Additional documentation:

Tri-level Framework

Pruning operates at three independent levels:

Level	Target	Pruners	Estimators
Element (L1)	Attention heads, GQA groups, MLP neurons, embedding channels	`WidthGroupPruner`, `WidthChannelPruner`	`activation.`, `magnitude.`, `taylor.`, `random.`
Layer (L2)	Attention or MLP sublayer within a decoder block	`ComponentPruner`	`similarity.layer`
Block (L3)	Contiguous decoder blocks	`DepthBlockPruner`, `DepthLayerPruner`	`similarity.block`, `perplexity.block`

Supported Models

Natively registered adapters:

carve_lm.llm.adapters
Llama (LlamaForCausalLM) — Llama 2 / 3 family
Qwen2 (Qwen2ForCausalLM) — Qwen 2 / 2.5 family
Qwen3 (Qwen3ForCausalLM) — Qwen 3 family
Mistral (MistralForCausalLM) — Mistral family
carve_lm.vlm.components.language.adapters
Qwen2.5-VL (Qwen2_5_VLForConditionalGeneration) — decoder-side pruning only when supported by the installed transformers.

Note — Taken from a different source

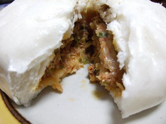 今日食べたのはキムチ肉まん。↓

Any LLM that follows the standard HuggingFace decoder layout (model.model.layers[*].{self_attn, mlp, input_layernorm, post_attention_layernorm}) is automatically picked up by GenericDecoderModelAdapter.

Custom adapters can be registered at runtime:

from carve_lm.llm.adapters import register_model_adapter, DecoderModelAdapter
from transformers import MyModelForCausalLM

class MyModelAdapter(DecoderModelAdapter):
    def __init__(self):
        super().__init__(name="my_model", model_cls=MyModelForCausalLM)

register_model_adapter(MyModelAdapter())

Quick Start

Classic estimator + pruner flow:

from transformers import AutoModelForCausalLM

from carve_lm.llm.estimators import create_estimator
from carve_lm.llm.pruners import create_pruner

model = AutoModelForCausalLM.from_pretrained("meta-llama/Llama-3.2-1B")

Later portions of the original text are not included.